Now, when faced with a limit like $\lim_{x\to0}\dfrac{2^{x}-3^{x}}{x}$: Since the numerator has limit $0$, we know that replacing $x$ with $\varepsilon$ in the numerator will have the form $\mathrm{Du}\left(\gamma\right)\varepsilon$, which will be amenable to application of $\omega$, which is exactly suggested by the $x$ in the denominator.
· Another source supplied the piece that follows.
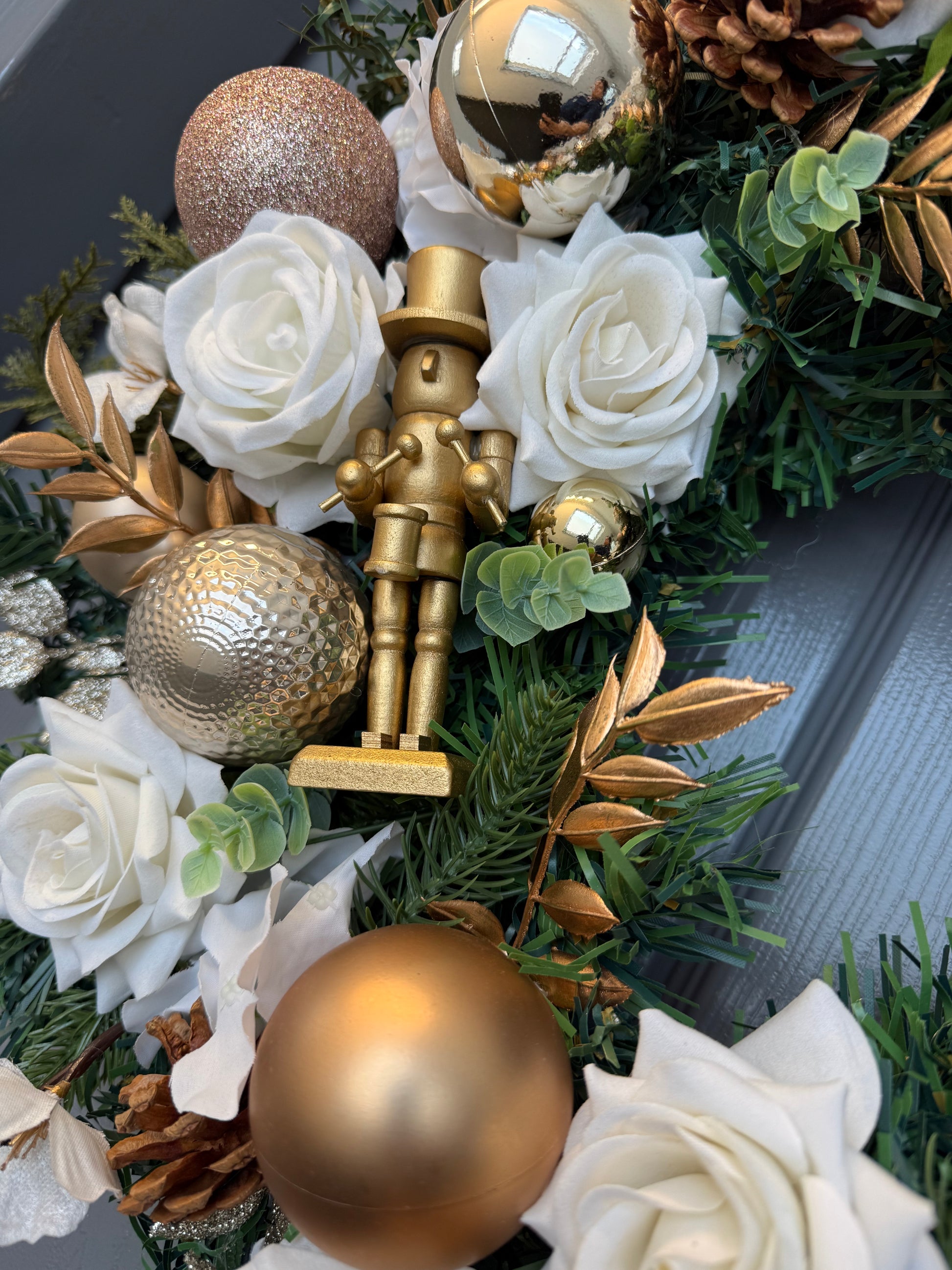 Cream, Gold and White Christmas Nutcracker Wreath

This will work out fine because L'Hospital's rule says we can take the derivative of numerator and denominator, so that we basically want to take the ratio of the dual parts, which is indeed $\dfrac{\ln2-\ln3}{1}=\ln\left(\dfrac{2}{3}\right)\checkmark$.
What about $\omega^2$
However, if you want to consider something like $\omega^{2}$, it would seem that would be like applying this “removal of $\varepsilon$” twice, which either doesn't make sense or always gives $0$, since $a\varepsilon^{2}=0$ for real $a$. So I think $\omega^2$ at face value is a dead-end.
Extending things
Let's try this $\omega$ method on another limit from Evaluating the limit using Taylor Series: $$\lim_{x\to0}\frac{e^{3x}-\sin(x)-\cos(x)+\ln(1-2x)}{-1+\cos(5x)}$$
$$\substack{?\\ = } \dfrac{\left(1+3\varepsilon\right)-\varepsilon-1-2\varepsilon}{-1+1}=\dfrac{0}{0}\cdots$$
Here, there is no $\varepsilon$ to divide by, and so no help from $\omega$, and we are stuck.
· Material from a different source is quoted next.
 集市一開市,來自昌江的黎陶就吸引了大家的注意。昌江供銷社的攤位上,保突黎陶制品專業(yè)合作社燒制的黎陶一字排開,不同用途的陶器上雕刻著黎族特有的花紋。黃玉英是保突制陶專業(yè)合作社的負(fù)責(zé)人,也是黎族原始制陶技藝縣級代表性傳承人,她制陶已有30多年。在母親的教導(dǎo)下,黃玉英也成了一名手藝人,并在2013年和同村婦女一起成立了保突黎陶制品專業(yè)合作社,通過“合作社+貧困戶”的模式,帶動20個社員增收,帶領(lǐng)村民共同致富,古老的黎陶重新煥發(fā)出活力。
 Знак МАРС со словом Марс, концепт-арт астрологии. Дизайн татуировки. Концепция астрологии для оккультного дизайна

However, if we give up “the simplicity of $\varepsilon^{2}=0$” but keep $\varepsilon^{3}=0$, we can then solve the limit by some intuitive reasoning/approximations:
$$\lim_{x\to0}\frac{e^{3x}-\sin(x)-\cos(x)+\ln(1-2x)}{-1+\cos(5x)}$$$$\substack{?\\ = } \dfrac{\left(1+3\varepsilon+\dfrac{9\varepsilon^{2}}{2}\right)-\varepsilon-\left(1-\dfrac{\varepsilon^{2}}{2}\right)+\left(-2\varepsilon-2\varepsilon^{2}\right)}{-1+\left(1-\dfrac{25}{2}\varepsilon^{2}\right)}$$$$=\dfrac{\dfrac{9\varepsilon^{2}}{2}+\dfrac{\varepsilon^{2}}{2}-2\varepsilon^{2}}{-\dfrac{25}{2}\varepsilon^{2}}\substack{?\\ = } \omega^{2}\cdot\dfrac{\dfrac{9}{2}+\dfrac{1}{2}-2}{-\dfrac{25}{2}}\varepsilon^{2}=-\dfrac{6}{25}\checkmark$$
But in some other more subtle limit problem, maybe we'd have to give up on $\varepsilon^{3}=0$ and only be able to keep $\varepsilon^{17}=0$, if the problem were set up so that it could naturally be done by applying L'Hospital's rule $16$ times.
A fix
Instead of fixing a level at which we have perfect equality with $0$, it would be most generally useful if we said that no power of an infinitesimal like $\varepsilon$ actually equaled zero, but instead that (if we had a limit involving nice functions) we could turn any extra terms with $\varepsilon$s like $-5\varepsilon$ or $+7\varepsilon^{3}$ to zero at the end of the calculation, and get the right answer.
This is pretty close to what what is done in Robinson's non-standard analysis, which you could learn about at an intuitive level from a textbook like “Elementary Calculus: An Infinitesimal Approach” by Keisler.